LUKWAGO’S ORDEAL AS ONE STEP FOR DEMOCRACY



At the beginning of last week, Erias Lukwago lost his seat as the Lord Mayor of Kampala following his impeachment by the city council.

This was the culmination of two and a half years of uneasy peace at city hall during which time Lukwago protested the ceremonial role allowed him according to a new law, which created the Kampala Capital City Authority (KCCA). Under the new law the everyday running of the city was turned over to the KCCA executive director. Jennifer Musisi is the KCCA boss.

The drama inside and outside the council hall will probably be the highlight of the day’s proceedings but what was lost on many people is that the institutions of democracy and governance – the courts, the police, the council, were once again tested. Whether they passed the test only time will tell, the benefits are that whatever happened, happened and will inform processes going into the future.

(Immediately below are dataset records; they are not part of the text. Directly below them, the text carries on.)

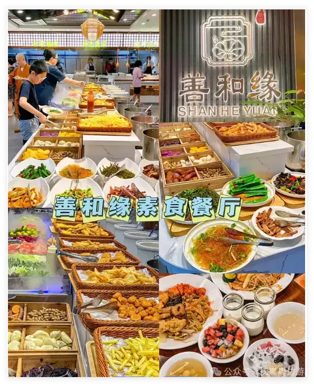 享用午餐《天荷菜根·闽南素食自助餐厅》入围2025年大众点评必吃榜,设有10大自助品类:《热菜素食》《五谷主食》《素食炸物》《热汤罐汤》《凉菜》《素食蒸笼》《甜品》《水果沙拉》《生鲜烫》《素食烧烤》,全场100多道菜品;其中,包含面线糊、地瓜粉团、炸菜粿、素海蛎煎、四果汤、花生汤等10多种传统闽南特色小吃。其中11:30-13:00有以非遗南音演出为主,随机穿插舞蹈、歌曲或乐器表演等活动(非遗表演为餐厅赠送,若碰上演员外出义演,无任何费用退还)。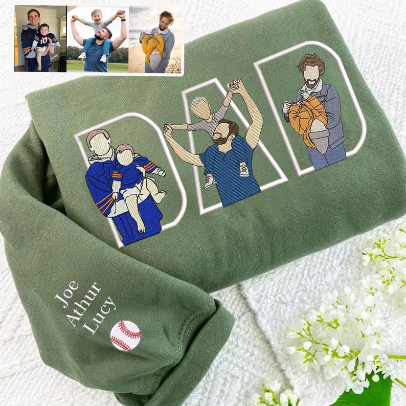 Celebrate the special bond between a father and his children with this custom embroidered sweatshirt. Featuring the word "DAD" filled with beautifully stitched illustrations based on your own family photos, this sweatshirt makes a heartfelt gift for Father's Day, birthdays, or any occasion.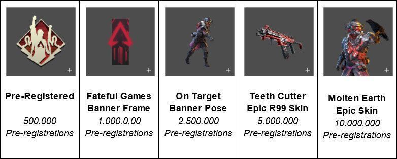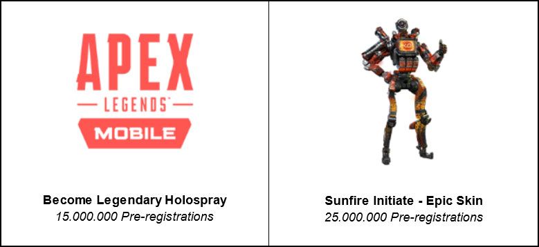 Jutaan pemain game ini pada platform Android maupun iOS di seluruh dunia telah menantikan kesempatan untuk mendapatkan hadiah yang dijanjikan. Dan kini, daftar hadiah pra-registrasi yang akan ditambahkan adalah “Become Legendary” Holospray jika mencapai 15 juta pendaftar dan “Sunfire Initiate” Epic Skin apabila menginjak angka 25 juta pendaftar.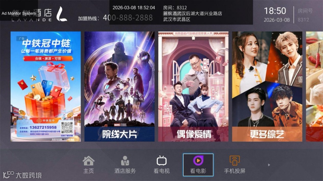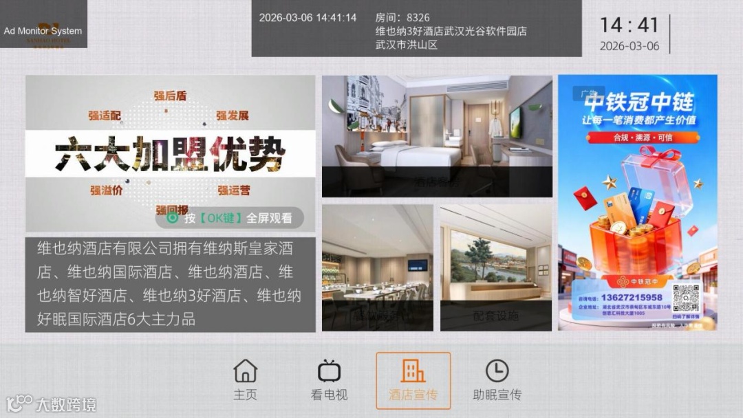 高档酒店场景深度覆盖:品牌广告登陆君澜/亚朵/锦江/维也纳/全季/丽呈/喆啡/丽枫/桔子/潮漫/宜必思/碧桂园/开元/温德姆/纽宾凯/和颐/华美达/凯里亚德/兰欧/康铂/喜来登等多家中高档酒店,在人流密集场景持续展示,进一步扩大品牌知名度;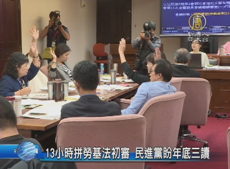 好,那麼昨天(17)晚上,立法院衛環委員會,花了13個小時逐條審查,終於初審通過勞基法攸關一例一休等草案。過程中朝野立委激烈討論,而時代力量立委黃國昌也和柯建銘火花不斷。 //asset3.ntdtv.com.tw/public/uploads/assets/2016/11/18/2016-11-18-582ef26ee592f.mp4 勞基法|一例一休|七天假|衛環委員會2016-11-18 20:20:10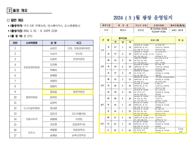 2024년 5월 말 전주시의회 해외 연수 일정·생활체육 광장 프로그램 운영 일지 대조.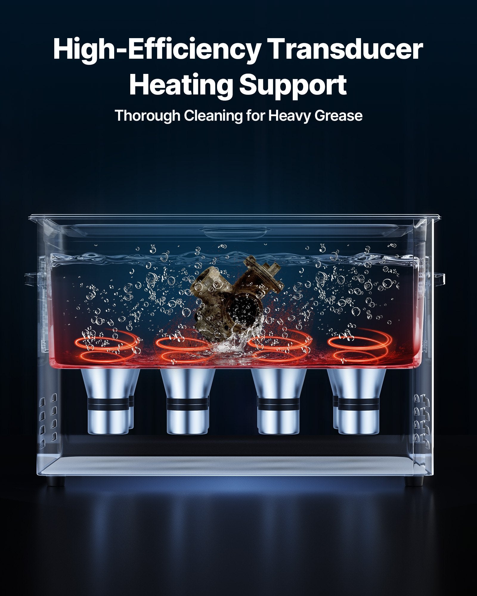 - Advanced Transducer Technology: Equipped with high-efficiency transducers, our ultrasonic cleaner delivers explosive cleaning power that breaks down stubborn grease and grime. It provides 360° deep cleaning for precision instruments, removing dirt and oils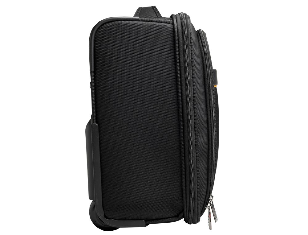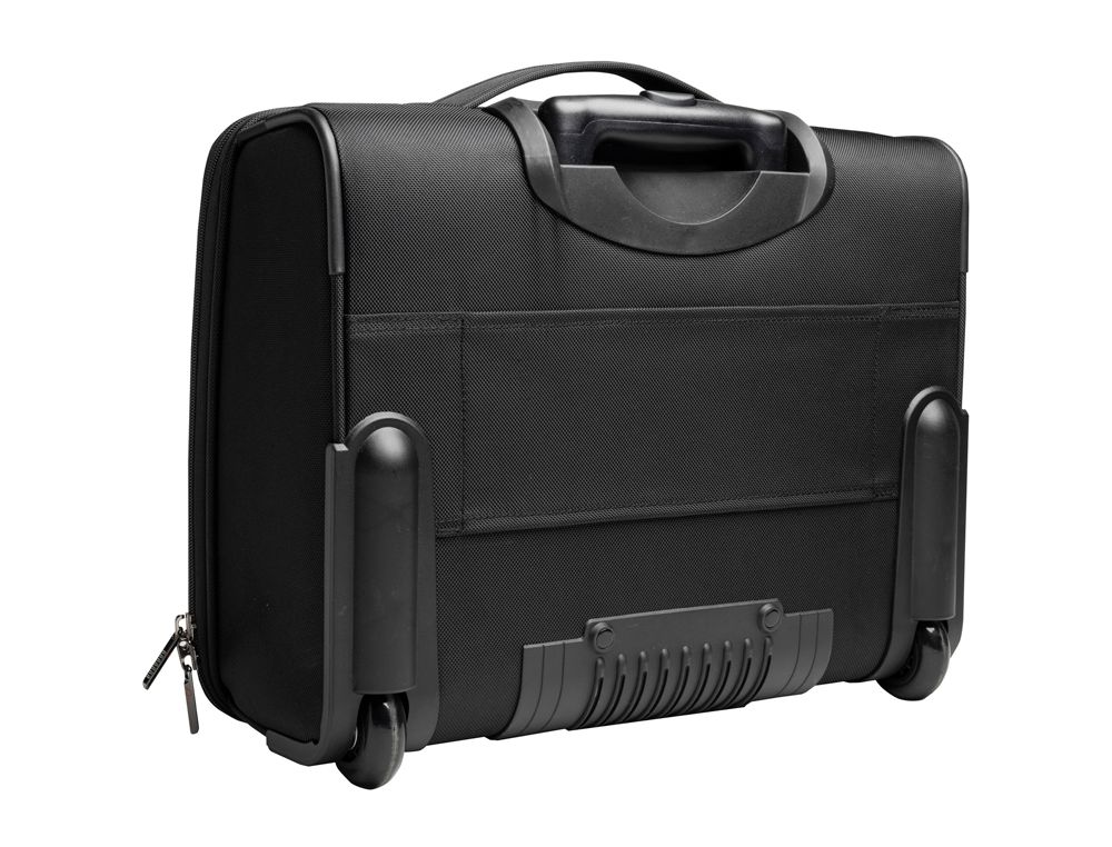 Trolley exatrolley slim con dos ruedas y con asa telescópica. Tiene un compartimiento principal con un bolsillo acolchado separado para dispositivoshasta 15,6\", así como correas cruzadas para guardar ropa o documentos. Un a cinta en su parte trasera permite apilarlo sobre una maleta. Tejido exterior y forro en poliéster 100% reciclado (rpet) procedente del reciclaje de 20 botellas de plásticos. Capacidad de 17 litros. Certificado grs. 2 ańos de garantía. | Referencia Deskidea: 171682

We may have wondered at minster of the presidency Frank Tumwebaze’s timing of the impeachment process. Our jaws hit the floor at the kamikaze jump of councillor Alan Sewanyana over his colleagues to get to the centre of the hall in the heat of proceedings. We were left aghast at how Lukwago’s lawyer Abdallah Kiwanuka was stripped to within an inch of his underwear and bundled unceremoniously onto a police pick up. We may have been silenced by the near unanimous decision to eject Lukwago 29-to3 with two abstentions and the question of the interim injunction by the high court stopping the impeachment vote lingers.

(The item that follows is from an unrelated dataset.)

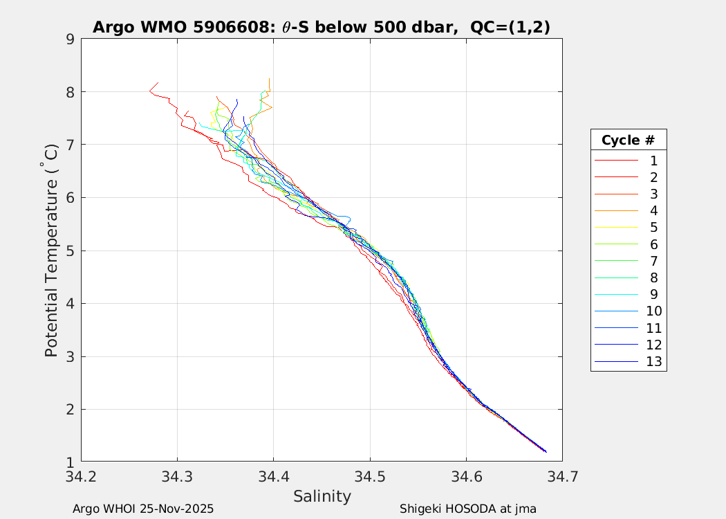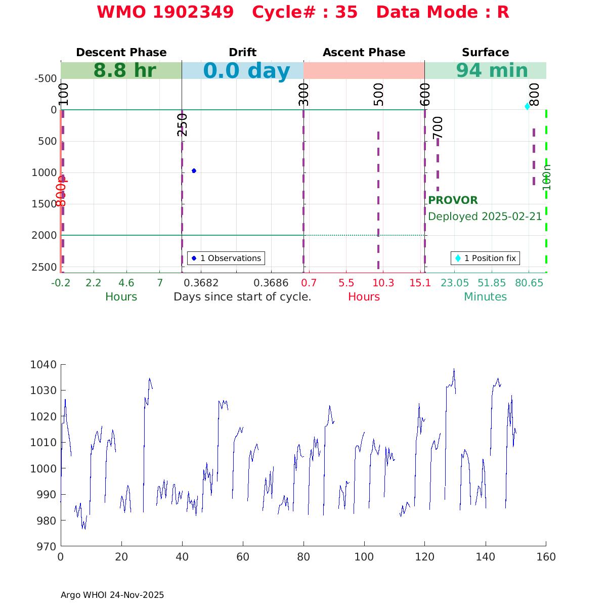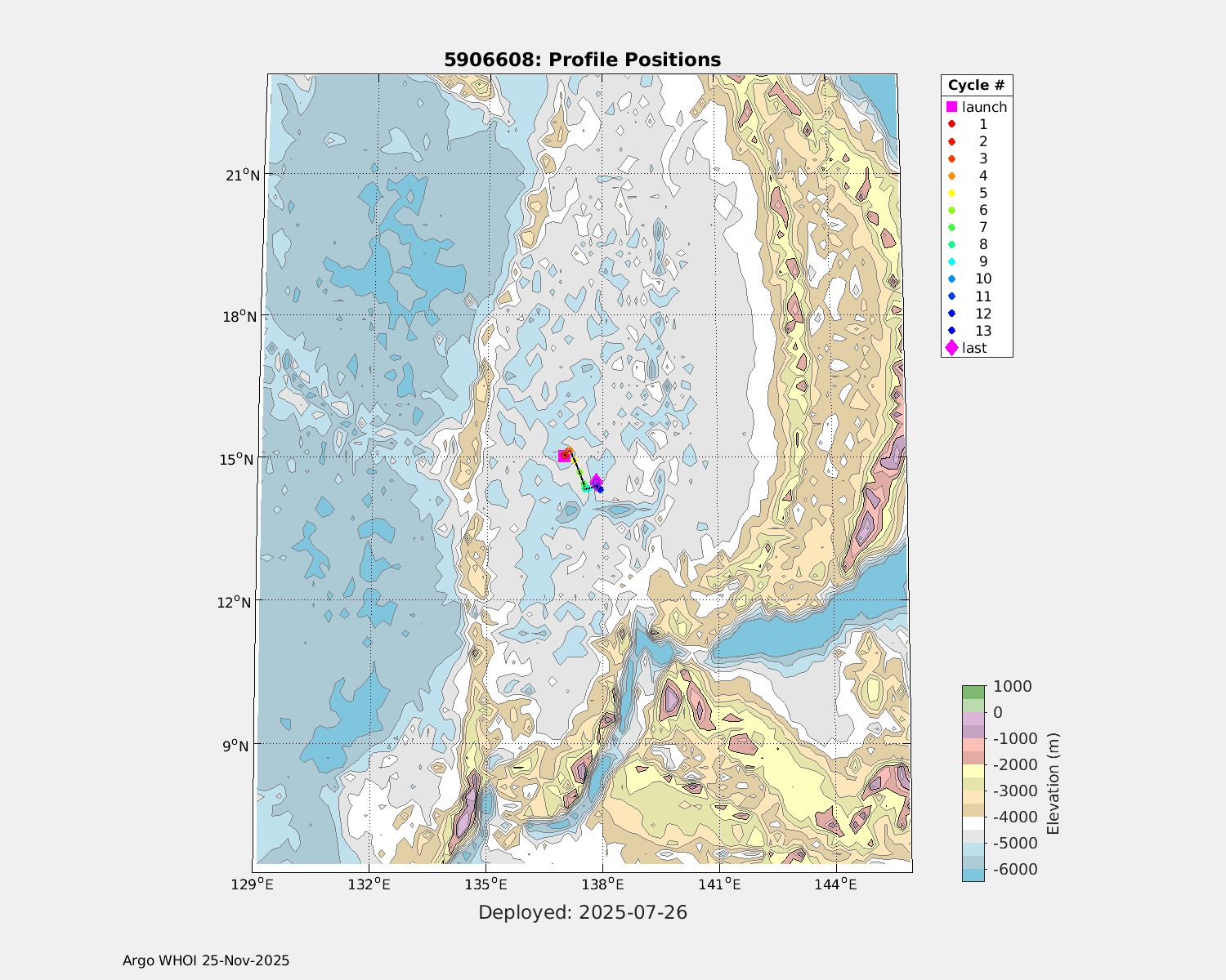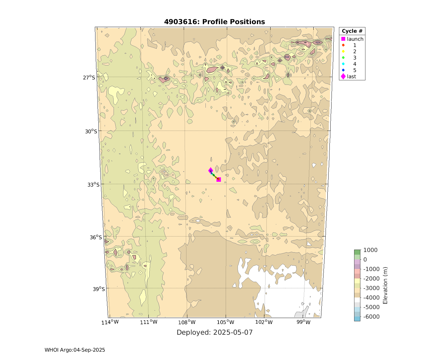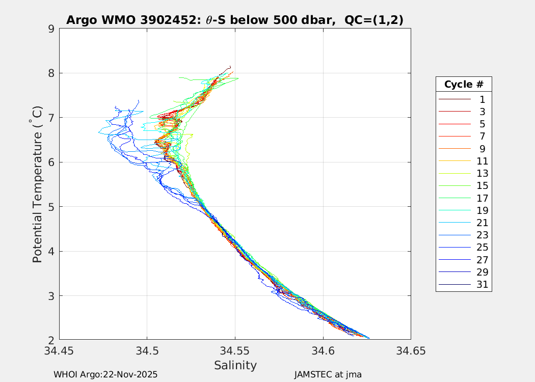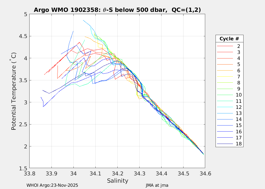 | WMO: #4903613 DAC: jma PI: JAMSTEC NAVIS_A: #1654 SBE41N_V5.3.5: #19402 SBE63_OPTODE: #3732 MCOMS_FLBBCD: #485 SUNA_V2: #2256 Altimeter Comparison (IFREMER) EuroArgo Link | ![]() |

Lukwago has 21 days from Monday to appeal the decision in the high court.

The government’s critics lament the high handedness of its agents, the perceived sneakiness of the impeachment process and are quick to prophesy doom for this nation in the future as long as the NRM stays in power.

The Government’s supporters on the other hand may go around with smug smiles, engage in congratulatory back slapping and toast to the apparent vanquishing of one of the opposition’s leading lights. 

In the zero sum game that is politics, these reactions are unsurprising.

For the rest of us mere mortals it is within our rights to take one side or the other, however if we are to take a step back and look dispassionately at the events that led up to Monday’s circus, we may see a silver lining on this dark cloud.

Democracy cannot be written or copy-and-pasted or imposed on one people or another. The basic freedoms that form the principles of democracy may remain constant but the institutions that underpin the observance of these develop according to the context in which they are situated. So whereas the US and Canada, bordering states, are democracies they are not identical. Similarly France and Germany. Or Sweden and Denmark.

The differences come from their own unique evolutionary political paths, driven by the interaction between various political forces, at varying times and with varying ferocity.

Seen against this light, the events leading up to and surrounding Monday’s events are but a single step in the long march to democracy.

The process can be helped along by Lukwago and his team appealing the process and laying his fate at the feet of the high court and by the government participating in the process, allowing its actions to be examined.

Like it or not a process was set in motion at independence, the turbulent 70s and 80s while not the best of times, have served to colour our view of the democracy we want. So too do events unfolding before our eyes. 

Human nature is such that all progress only comes from resolution of disagreements or contradictions. Politicians who are in the business of acquiring power and holding on to it, never relinquish their advantage out of the goodness of their hearts but often through compulsion.

There will be more muscle flexing in future and that is as it should be. We may see movement towards or away from greater democracy but in the greater scheme of things, if it is any consolation to the battered bodies and bruised egos of the  contesting politicians, it’s all for the greater good.